- What to produce -
Below are some entries. Copy each line that holds the string "instant".

Extracted data entries
BEGIN

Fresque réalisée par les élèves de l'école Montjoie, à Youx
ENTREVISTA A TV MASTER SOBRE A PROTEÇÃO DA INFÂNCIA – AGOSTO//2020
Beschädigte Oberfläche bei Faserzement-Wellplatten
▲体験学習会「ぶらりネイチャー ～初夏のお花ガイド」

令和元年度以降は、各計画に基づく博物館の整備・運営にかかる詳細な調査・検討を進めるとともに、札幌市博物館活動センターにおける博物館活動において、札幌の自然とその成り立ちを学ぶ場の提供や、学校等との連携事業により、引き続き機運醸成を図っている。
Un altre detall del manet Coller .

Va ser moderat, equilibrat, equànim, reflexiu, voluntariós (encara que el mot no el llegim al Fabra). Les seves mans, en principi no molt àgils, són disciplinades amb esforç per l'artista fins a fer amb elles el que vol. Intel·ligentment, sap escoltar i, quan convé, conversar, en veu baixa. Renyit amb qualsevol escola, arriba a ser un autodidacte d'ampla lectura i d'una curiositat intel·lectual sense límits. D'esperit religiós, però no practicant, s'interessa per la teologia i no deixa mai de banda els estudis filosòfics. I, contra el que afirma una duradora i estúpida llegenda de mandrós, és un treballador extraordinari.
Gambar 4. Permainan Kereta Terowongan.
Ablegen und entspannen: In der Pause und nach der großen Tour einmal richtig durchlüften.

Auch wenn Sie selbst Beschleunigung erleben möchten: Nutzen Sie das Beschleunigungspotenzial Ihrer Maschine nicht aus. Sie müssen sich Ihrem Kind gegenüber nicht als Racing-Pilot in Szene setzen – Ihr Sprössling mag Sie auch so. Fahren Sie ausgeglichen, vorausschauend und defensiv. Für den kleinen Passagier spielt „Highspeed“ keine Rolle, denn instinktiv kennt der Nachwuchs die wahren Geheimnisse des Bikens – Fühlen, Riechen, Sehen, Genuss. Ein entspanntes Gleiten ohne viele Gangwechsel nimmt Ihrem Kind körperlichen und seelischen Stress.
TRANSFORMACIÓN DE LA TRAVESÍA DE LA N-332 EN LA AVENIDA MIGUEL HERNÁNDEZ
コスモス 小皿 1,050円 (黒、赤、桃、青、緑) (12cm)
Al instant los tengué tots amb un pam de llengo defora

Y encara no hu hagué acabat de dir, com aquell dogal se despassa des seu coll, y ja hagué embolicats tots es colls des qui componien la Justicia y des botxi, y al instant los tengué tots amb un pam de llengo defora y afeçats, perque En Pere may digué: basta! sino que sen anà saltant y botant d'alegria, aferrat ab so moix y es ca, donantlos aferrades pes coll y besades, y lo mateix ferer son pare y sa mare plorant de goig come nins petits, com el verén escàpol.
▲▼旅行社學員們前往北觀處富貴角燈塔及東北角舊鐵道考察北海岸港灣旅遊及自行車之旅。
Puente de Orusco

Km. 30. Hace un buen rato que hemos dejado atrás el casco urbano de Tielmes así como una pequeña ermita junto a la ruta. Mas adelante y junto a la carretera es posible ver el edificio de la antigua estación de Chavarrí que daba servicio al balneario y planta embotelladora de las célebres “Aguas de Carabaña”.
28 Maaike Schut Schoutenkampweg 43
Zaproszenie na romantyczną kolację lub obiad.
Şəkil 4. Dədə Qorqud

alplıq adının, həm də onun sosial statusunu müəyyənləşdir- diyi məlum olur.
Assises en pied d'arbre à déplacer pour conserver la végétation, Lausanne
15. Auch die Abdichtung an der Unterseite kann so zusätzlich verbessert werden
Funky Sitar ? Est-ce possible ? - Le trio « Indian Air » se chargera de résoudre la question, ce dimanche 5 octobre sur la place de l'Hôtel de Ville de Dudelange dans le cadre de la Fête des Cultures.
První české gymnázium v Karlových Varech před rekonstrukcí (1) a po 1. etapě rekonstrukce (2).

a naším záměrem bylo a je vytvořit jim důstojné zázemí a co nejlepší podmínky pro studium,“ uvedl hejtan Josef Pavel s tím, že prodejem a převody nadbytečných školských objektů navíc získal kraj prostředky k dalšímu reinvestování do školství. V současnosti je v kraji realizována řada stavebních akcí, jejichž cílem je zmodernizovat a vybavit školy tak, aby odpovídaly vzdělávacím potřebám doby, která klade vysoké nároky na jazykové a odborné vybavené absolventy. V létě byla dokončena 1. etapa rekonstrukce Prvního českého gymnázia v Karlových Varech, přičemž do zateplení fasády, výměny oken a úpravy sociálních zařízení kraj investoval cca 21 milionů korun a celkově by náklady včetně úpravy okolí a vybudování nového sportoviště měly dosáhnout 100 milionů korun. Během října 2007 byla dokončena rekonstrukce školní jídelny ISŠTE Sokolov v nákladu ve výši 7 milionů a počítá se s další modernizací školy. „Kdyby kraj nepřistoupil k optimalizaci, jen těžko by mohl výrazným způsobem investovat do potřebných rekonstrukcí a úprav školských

END

- Final answer -
Al instant los tengué tots amb un pam de llengo defora
Y encara no hu hagué acabat de dir, com aquell dogal se despassa des seu coll, y ja hagué embolicats tots es colls des qui componien la Justicia y des botxi, y al instant los tengué tots amb un pam de llengo defora y afeçats, perque En Pere may digué: basta! sino que sen anà saltant y botant d'alegria, aferrat ab so moix y es ca, donantlos aferrades pes coll y besades, y lo mateix ferer son pare y sa mare plorant de goig come nins petits, com el verén escàpol.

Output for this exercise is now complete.